Image Credit: Survival World

'They're scared' New study reveals why Gen Z doesn't want their driver’s licenses
Image Credit: Survival World

KTLA’s Andy Riesmeyer didn’t ease into the topic gently – he kicked the door open with a line that landed like a stand-up punchline and a warning label at the same time: Gen-Z, he said, doesn’t really drink, doesn’t really romance, and “they don’t really drive either,” calling it a generation of “Nah.”

But the longer his report went on, the clearer it became that the joke is really just the wrapping paper around something bigger, because this isn’t simply teenagers being lazy or rebellious. Riesmeyer framed it as a shift in fear, convenience, money, and how young people even define freedom in the first place.

The hook for the segment was a “new study” and a data point that sounds almost unbelievable if you grew up thinking a driver’s license was basically a teenager’s first taste of adulthood. Riesmeyer said that back in 1983 nearly half of all 16-year-olds already had their license, but by 2022 it had dropped to less than a quarter.
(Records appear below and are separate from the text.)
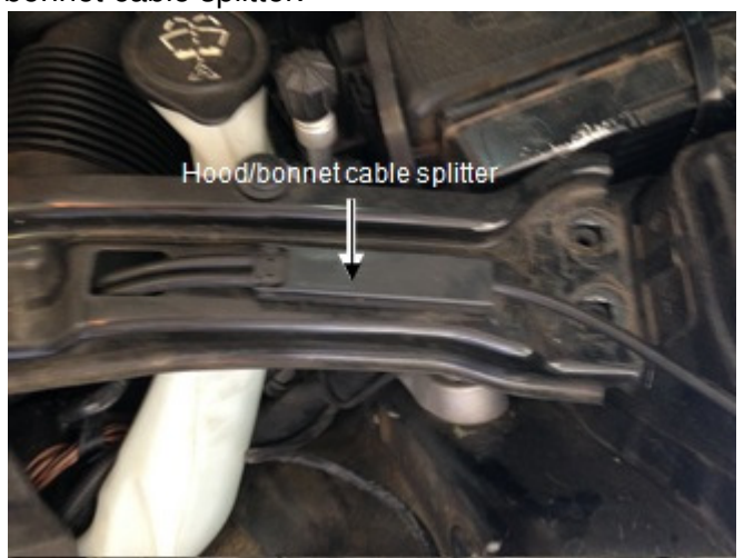
Figure 6 Cable Splitter Box

7. Remove the Hood/bonnet cable splitter.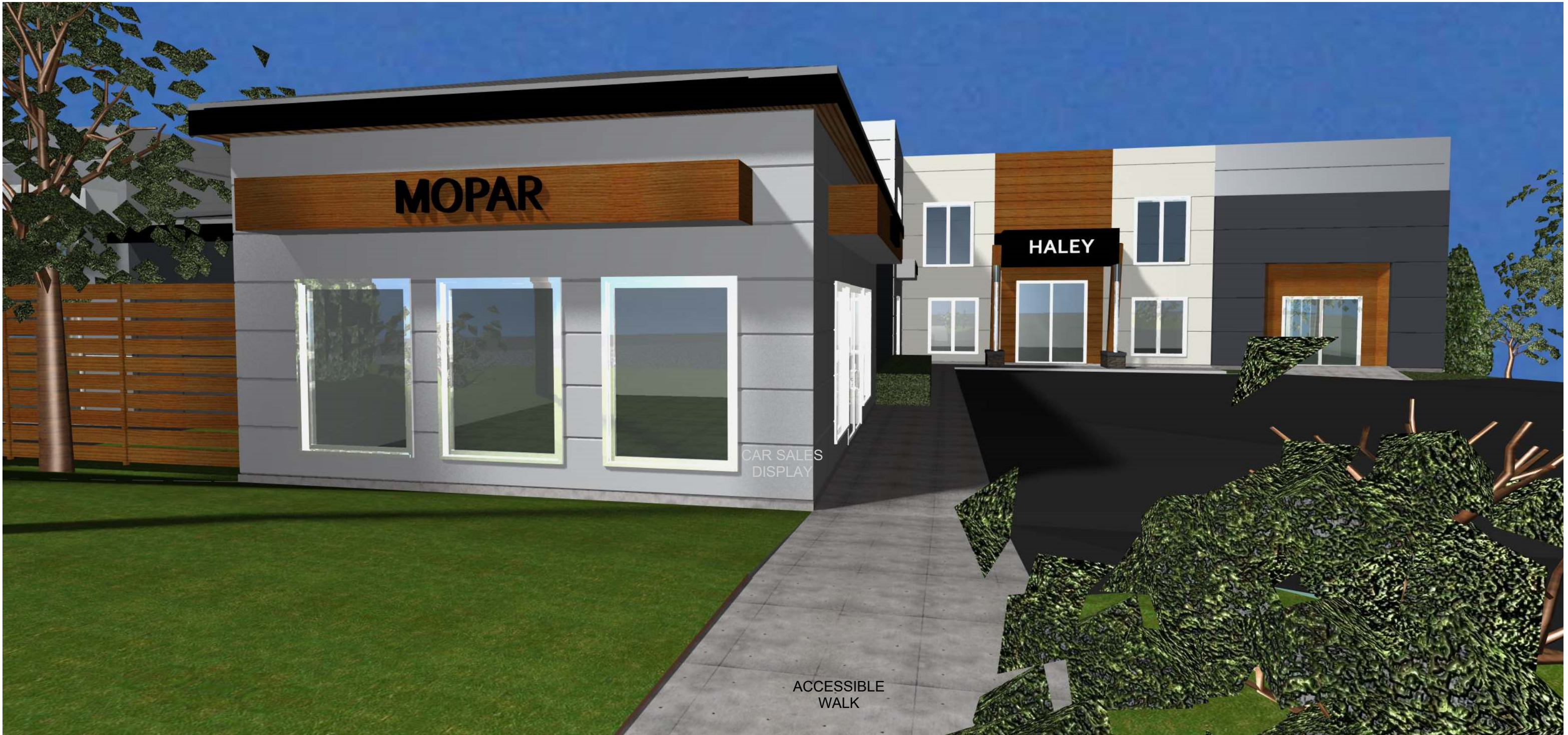
SEAMOUNT WAY STOREFRONT IMAGE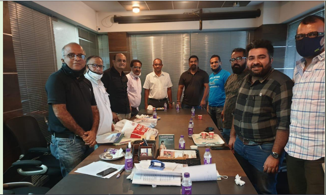
SOME OF OUR TEAM MEMBERS IN A MEETING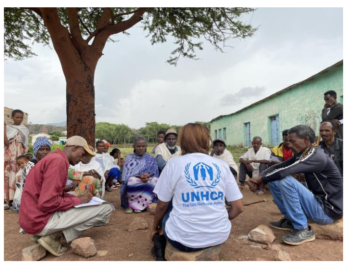
The community of internally displaced people in Abi Adi, where UNHCR recently opened a new office, discusses challenges and pressing needs with UNHCR teams on the ground.

UNHCR has boosted its response, setting up new field offices across the region to be closer to those forced to flee. However, UNHCR and partners continue to face challenges such as shortage of fuel and cash, and absence of electricity that are negatively impacting our ability to deliver assistance.

That kind of slide doesn’t happen because one generation suddenly forgot what a steering wheel is. It happens when the whole culture around driving changes – what it costs, what it risks, and what it’s for.

And according to Riesmeyer, the simplest answer coming straight from many Gen-Z teens is blunt: they’re scared.

The Fear Factor Is Real, Even If Cars Are “Safer Than Ever”

One of the most interesting tensions in Riesmeyer’s report is that he calls the fear “wild,” because as he put it, cars have never been safer. He even joked about how rough a car from 1983 looks now, painting a picture of a time when safety felt optional, and the vibe was basically: everybody bounce around the back seat and hope for the best.

The Fear Factor Is Real, Even If Cars Are “Safer Than Ever”
Image Credit: KTLA 5

It’s funny because it’s true, but it also raises a question that hangs over the whole segment: if vehicles are safer, why does driving feel scarier?

Part of the answer is that “safer” doesn’t always feel safer, especially when you’re the one behind the wheel. Modern roads feel faster, denser, and more intense, and modern drivers aren’t exactly known for patience or attention, which is a terrible mix for a new driver who already feels like they’re stepping onto a moving treadmill.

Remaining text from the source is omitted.